Exploring Physiological Correlates of Visual Complexity Adaptation: Insights from EDA, ECG, and EEG Data for Adaptation Evaluation in VR Adaptive Systems
Francesco Chiossi, Changkun Ou, Sven Mayer
In Extended Abstracts of the 2023 CHI Conference on Human Factors in Computing Systems (CHI EA ’23), April 23–28, 2023, Hamburg, Germany. ACM, New York, NY, USA, 7 pages. https://doi.org/10.1145/3544549.3585624
Physiologically-adaptive Virtual Reality can drive interactions and adjust virtual content to better fit users’ needs and support specific goals. However, the complexity of psychophysiological inference hinders efficient adaptation as the relationship between cognitive and physiological features rarely show one-to-one correspondence. Therefore, it is necessary to employ multimodal approaches to evaluate the effect of adaptations. In this work, we analyzed a multimodal dataset ( EEG, ECG, and EDA) acquired during interaction with a VR-adaptive system that employed EDA as input for adaptation of secondary task difficulty. We evaluated the effect of dynamic adjustments on different physiological features and their correlation. Our results show that when the adaptive system increased the secondary task difficulty, theta, Beta, and phasic EDA features increased. Moreover, we found a high correlation between theta, alpha and beta oscillations during difficulty adjustments. Our results show how specific EEG and EDA features can be employed for evaluating VR adaptive systems.
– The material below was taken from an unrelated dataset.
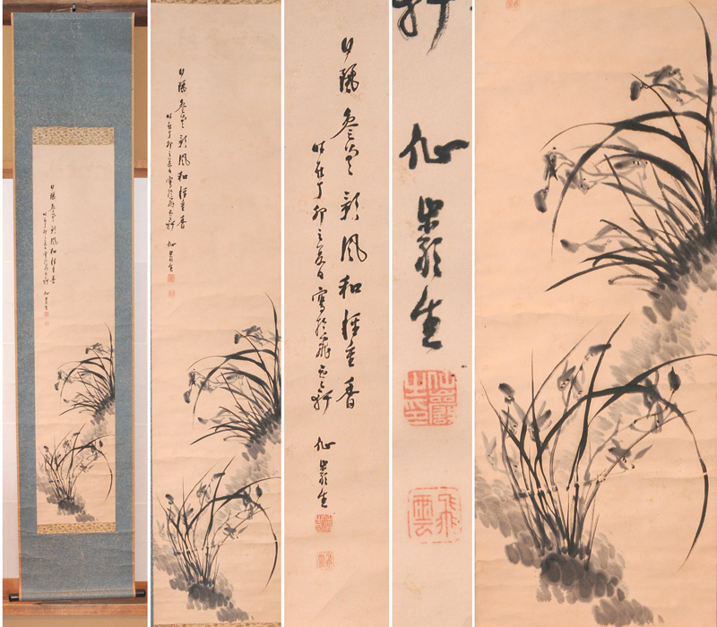 【真作】仙巌 飛雲(筆)「蘭図画賛」軸 掛軸 箱 古画 肉筆 水墨 人物 古美術 古書 掛け軸 骨董 絵画 日本画 |

The paper is available in chiossi2023lbw.pdf.
The original dataset is taken from Francesco Chiossi, Robin Welsch, Steeven Villa, Lewis Chuang, and Sven Mayer. 2022. Virtual Reality Adaptation using Electrodermal Activity to Support User Experience. In the DaRus Open Data Platform. https://doi.org/10.18419/darus-2820.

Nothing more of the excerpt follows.